E, quando Jesus começa o seu
ministério, João exclama: «Esta é a minha alegria! E tornou-se completa!»[13].
O próprio Jesus «estremeceu de alegria
sob a acção do Espírito Santo»[14].
A sua mensagem é fonte de alegria:
«Manifestei-vos estas coisas, para que esteja em vós a minha alegria, e a vossa
alegria seja completa»[15].
A nossa alegria cristã brota da fonte
do seu coração transbordante. Ele promete aos seus discípulos: «Vós haveis de
estar tristes, mas a vossa tristeza há-de converter-se em alegria»[16].
E insiste: «Eu hei-de ver-vos de novo!
Então, o vosso coração há-de alegrar-se e ninguém vos poderá tirar a vossa
alegria»[17].
Depois, ao verem-No ressuscitado,
«encheram-se de alegria»[18].
O livro dos Actos dos Apóstolos conta
que, na primitiva comunidade, «tomavam o alimento com alegria»[19].
Por onde passaram os discípulos,
«houve grande alegria»[20]; e
eles, no meio da perseguição, «estavam cheios de alegria»[21].
Um eunuco, recém-baptizado, «seguiu o
seu caminho cheio de alegria»[22]; e o
carcereiro «entregou-se, com a família, à alegria de ter acreditado em Deus»[23].
Porque não havemos de entrar, também
nós, nesta torrente de alegria?
6. Há cristãos que parecem ter
escolhido viver uma Quaresma sem Páscoa.
Reconheço, porém, que a alegria não se
vive da mesma maneira em todas as etapas e circunstâncias da vida, por vezes muito
duras. Adapta-se e transforma-se, mas sempre permanece pelo menos como um feixe
de luz que nasce da certeza pessoal de, não obstante o contrário, sermos
infinitamente amados.
Compreendo as pessoas que se vergam à
tristeza por causa das graves dificuldades que têm de suportar, mas aos poucos
é preciso permitir que a alegria da fé comece a despertar, como uma secreta mas
firme confiança, mesmo no meio das piores angústias: «A paz foi desterrada da
minha alma, já nem sei o que é a felicidade (…).
Isto, porém, guardo no meu coração;
por isso, mantenho a esperança.
É que a misericórdia do Senhor não
acaba, não se esgota a sua compaixão.
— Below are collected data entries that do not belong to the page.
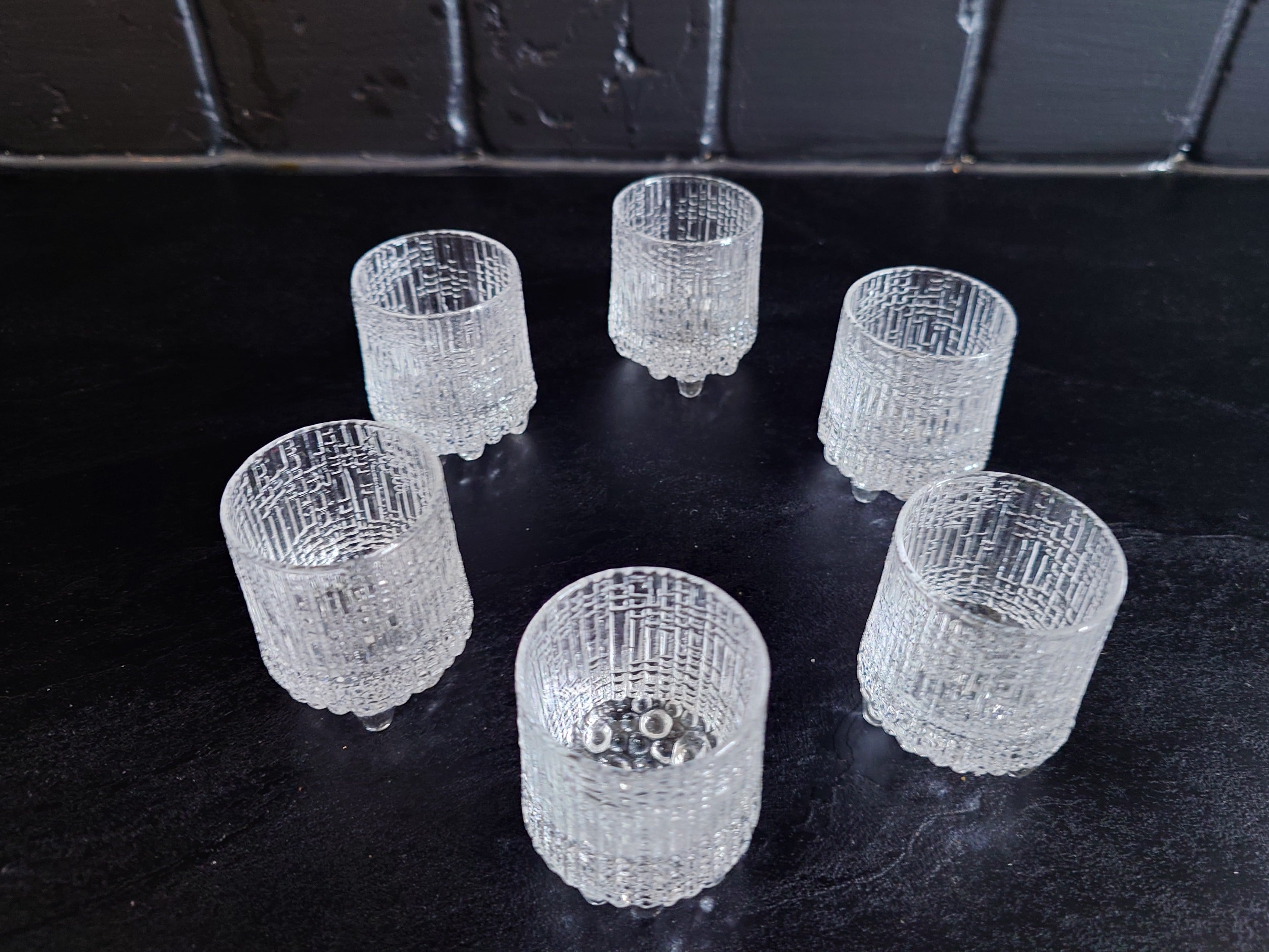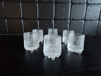 Nämä Ultima Thule snapsilasit ovat vanhempaa tuotantoa 1970-luvulta. Suomalaisen muotoilun klassikkona tunnettua Ultima Thulea valmistetaan yhä edelleen.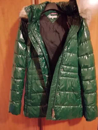 Piumino Tommy Hilfiger con finitura lucida e cappuccio bordato in pelliccia sintetica. - Chiusura zip frontale. - Tasche laterali con zip. - Polsini elasticizzati.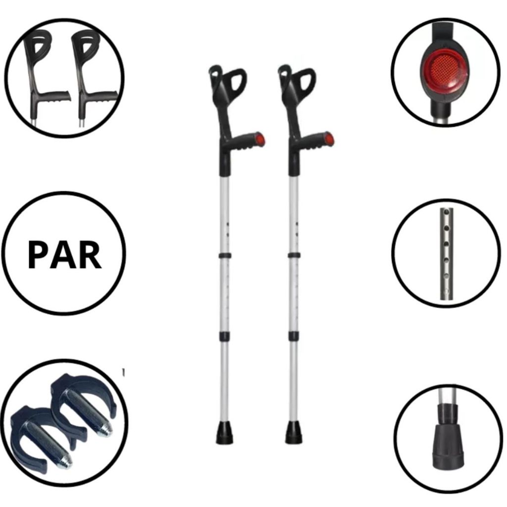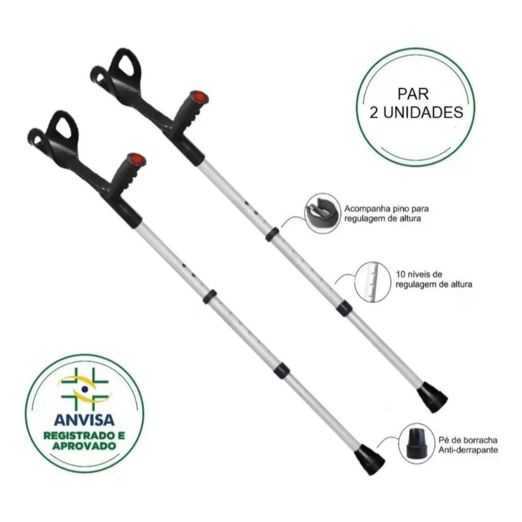 Par Muleta Ortopédica Canadense Auxiliar Com 10 Niveis de Regulagem até 120 Kg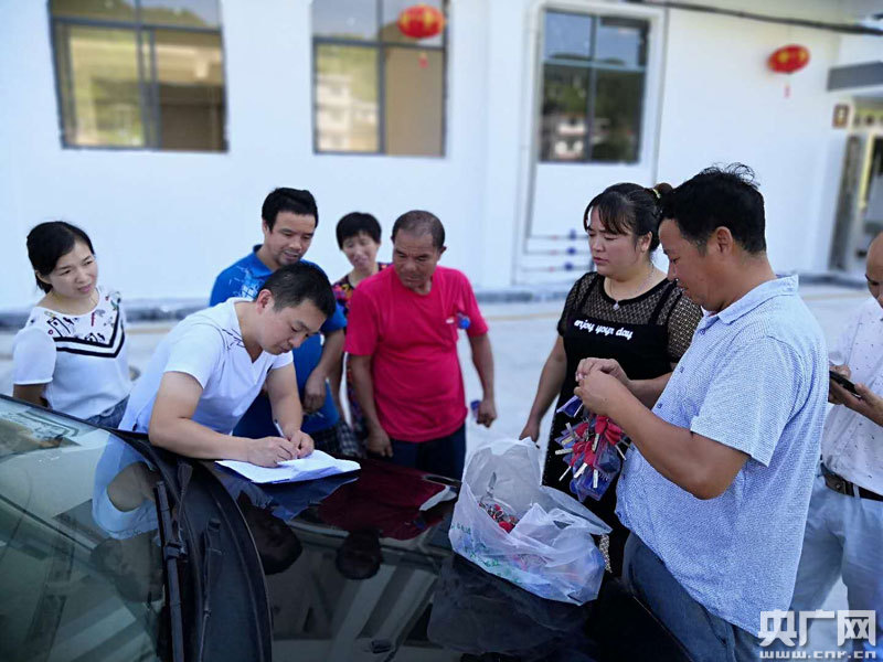 鄉(xiāng)扶貧工作站人員給貧困戶發(fā)放住房鑰匙(央廣網(wǎng)發(fā) 通訊員供圖)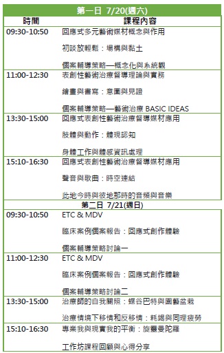3、認識表達性治療連續系統(ETC)與媒材量度變數(MDV)理論,學習如何看待創作歴程和作品、如何問話和引導個案與作品口語及非口語對話(藝療視框)。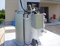 ガス化室の温度調整をする水噴霧装置。過剰な温度上昇を抑えることにより、思いがけない黒煙の発生などを未然に防止します。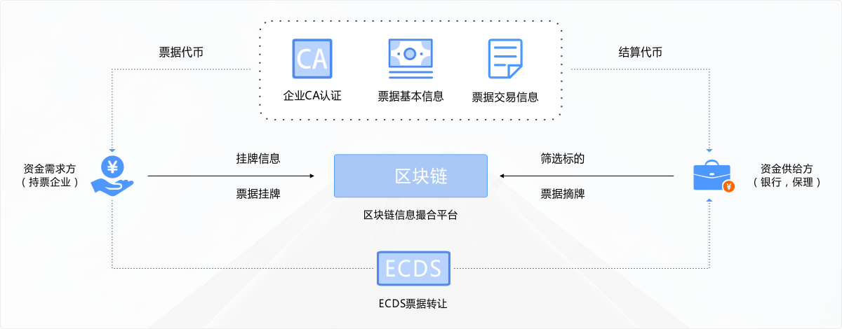 3.?dāng)?shù)據(jù)存證:資產(chǎn)端、資金端的公鑰地址與CA綁定記錄在區(qū)塊鏈上,可作為身份認(rèn)證和資產(chǎn)證明;包含所有交易的區(qū)塊哈希經(jīng)過第三方鑒定中心簽名后,備份在多條區(qū)塊鏈上,可在發(fā)生糾紛時(shí),輕松實(shí)現(xiàn)司法鑒定;票據(jù)信息、參與方信息、交易信息記錄在區(qū)塊鏈上,所有數(shù)據(jù)均不可篡改,交易線路一目了然。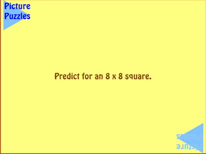 The final part of this Picture Puzzle encourages generalisation to any size square and the description of this generalisation in algebraic symbols.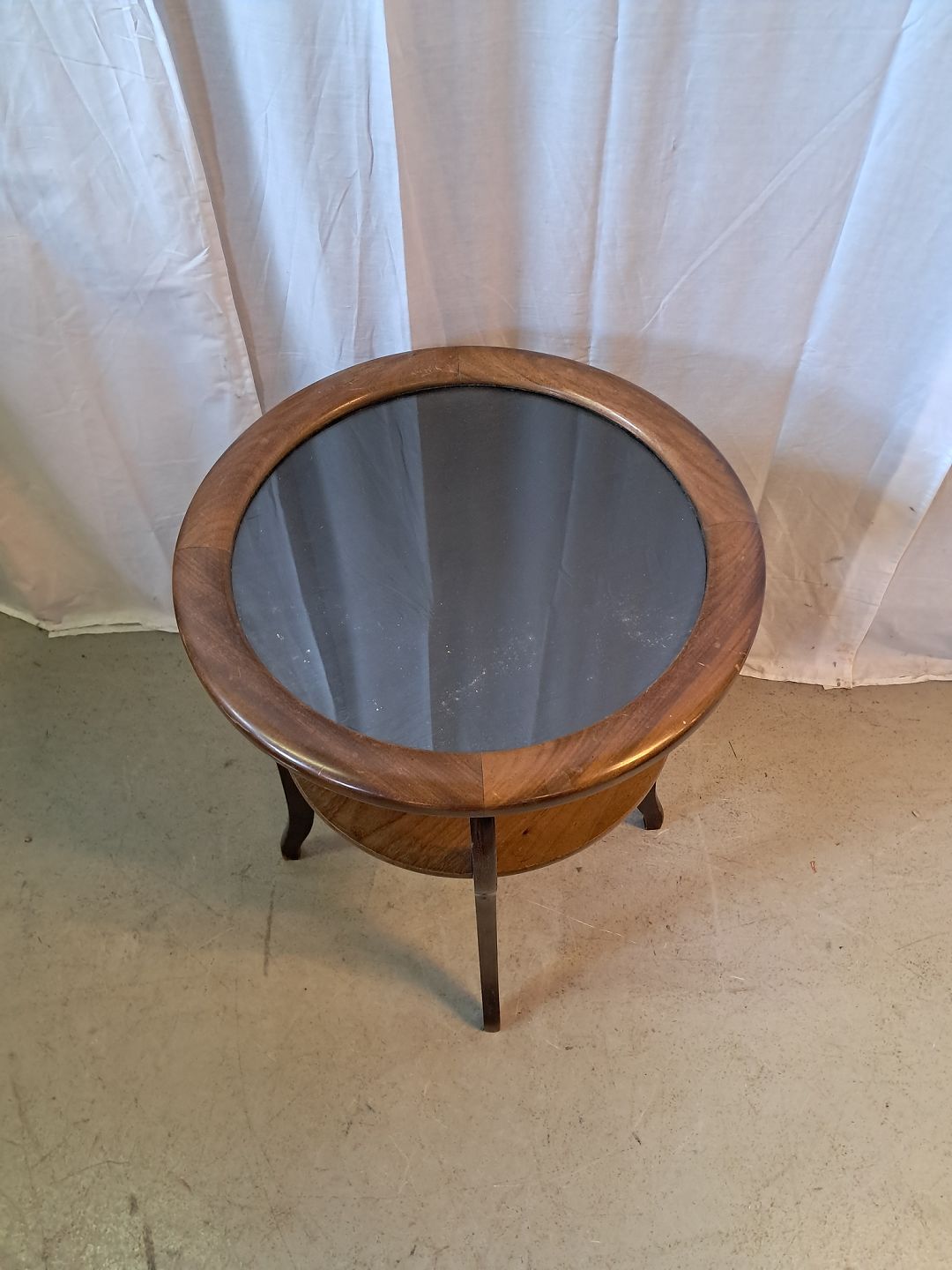 Sidebord i mahogni og bøgetræ med glasplade, fra 1920erne.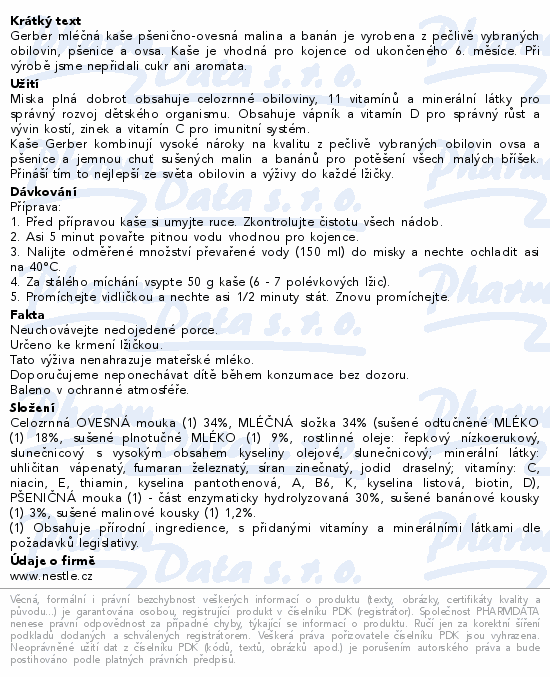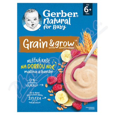 Gerber mléčná kaše pšenično-ovesná malina a banán je vyrobena z pečlivě vybraných obilovin, pšenice a ovsa. Kaše je vhodná pro kojence od ukončeného 6. měsíce. Při výrobě jsme nepřidali cukr ani aromata.
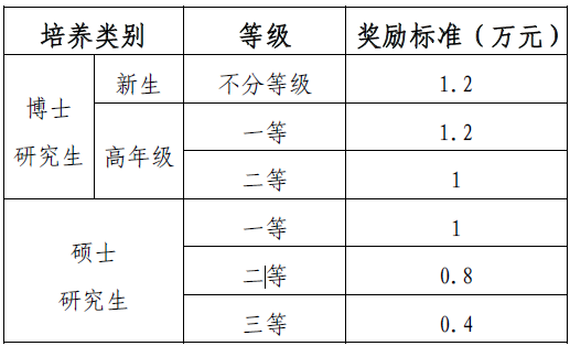 集团根据上级财政拨款、学费收入、社会捐助等情况确定研究生学业奖学金的类型等级、奖励标准和覆盖面,奖励比例实行动态调整。其中,博士学业奖学金和硕士新生学业奖学金覆盖面为100%。研究生学业奖学金具体等级和奖励标准如下: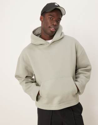 ASOS DESIGN – Kapuzenpullover in Khaki mit festem Saum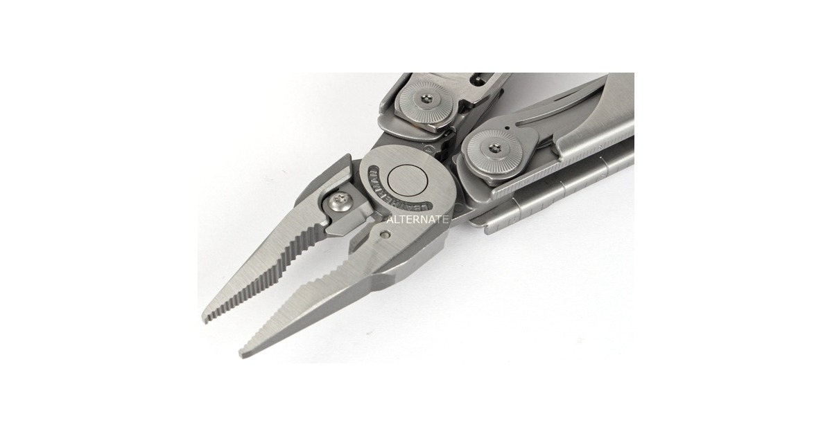 Das Leatherman Surge in Silber/Edelstahl ist ein äußerst umfangreiches Multitool – ein wahres Kraftpaket, ausgerüstet mit einer sehr großen Zange und den besonders langen Multitool-Klingen. Benutzerfreundliche Arretierungen, der einzigartige Klingenwechsler und vier von außen zugängliche Klingen erlauben schnellen Zugriff auf die Werkzeuge, die man am häufigsten braucht. Das Surge besteht aus einer verbesserten Version des 420er Edelstahls mit hohem Kohlenstoffgehalt und ist der Spezialist für Schwerstarbeit.Art.-Nr.: 1382331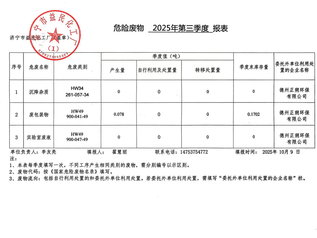 危险废物2025年第三季度报表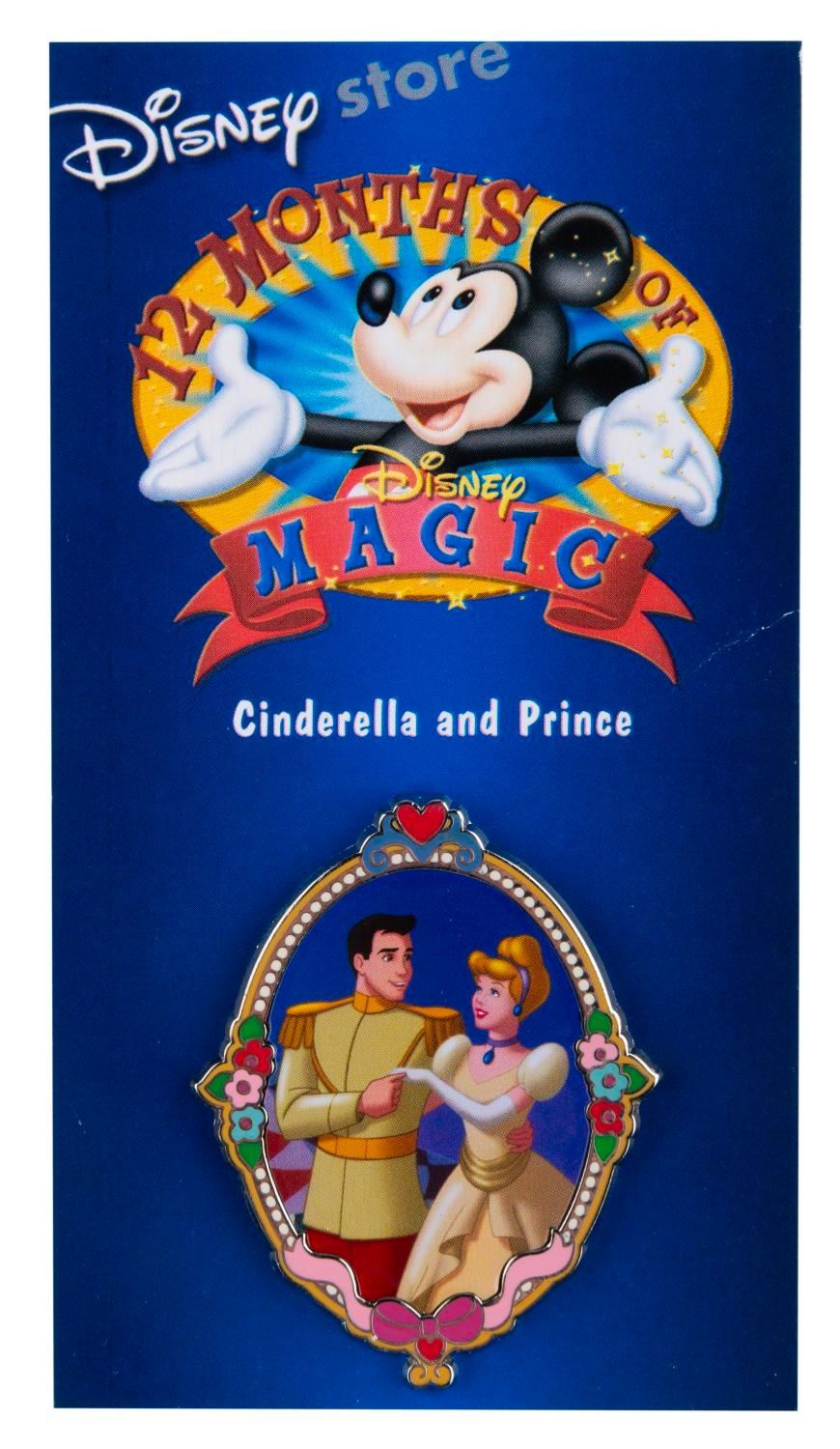 (Disney Store, 2002) A "Cinderella and Prince " pin from the 12 Months of Magic collection. The pin is in fine condition on the original card.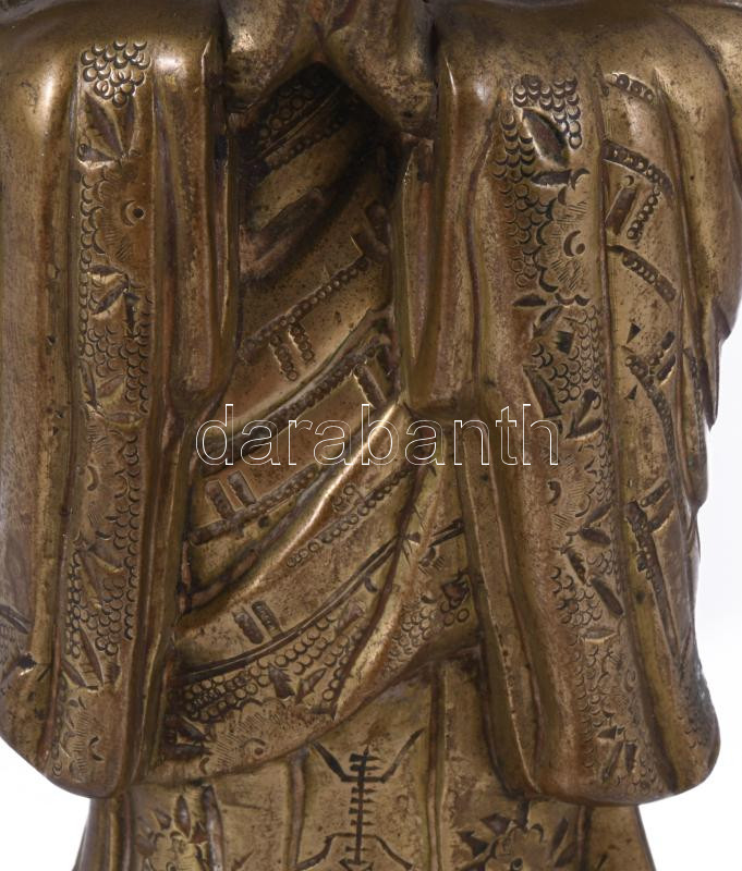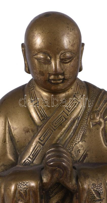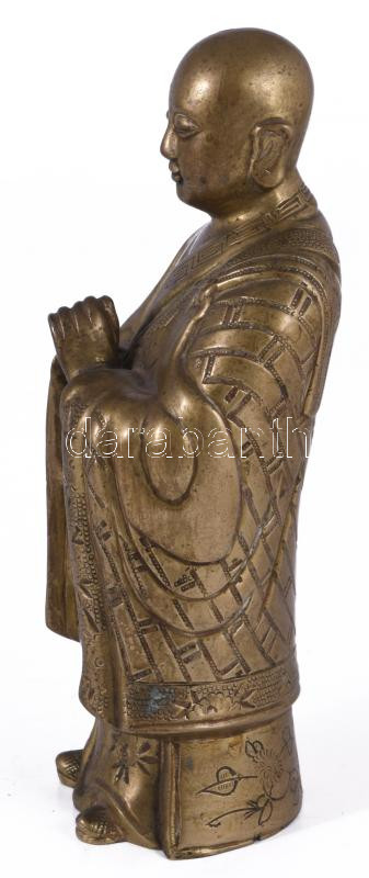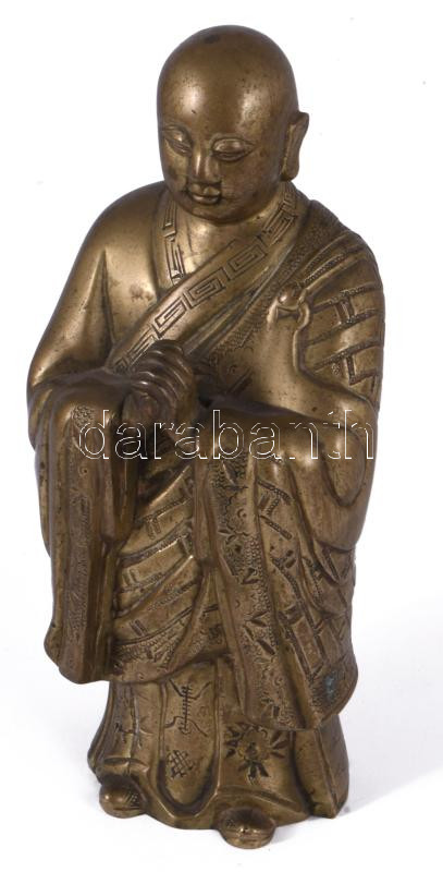 Kínai buddhista szerzetes szobra. Kína. XIX. sz. vége, finoman megmunkált, öntött sárgaréz. 20 cm

Cada manhã ela se renova; é grande a tua
fidelidade. (...) Bom é esperar em silêncio a salvação do Senhor» [24]
7. A tentação apresenta-se,
frequentemente, sob forma de desculpas e queixas, como se tivesse de haver
inúmeras condições para ser possível a alegria. Habitualmente isto acontece,
porque «a sociedade técnica teve a possibilidade de multiplicar as ocasiões de
prazer; no entanto ela encontra dificuldades grandes no engendrar também a
alegria».[25]
Posso dizer que as alegrias mais belas
e espontâneas, que vi ao longo da minha vida, são as alegrias de pessoas muito
pobres que têm pouco a que se agarrar. Recordo também a alegria genuína
daqueles que, mesmo no meio de grandes compromissos profissionais, souberam
conservar um coração crente, generoso e simples.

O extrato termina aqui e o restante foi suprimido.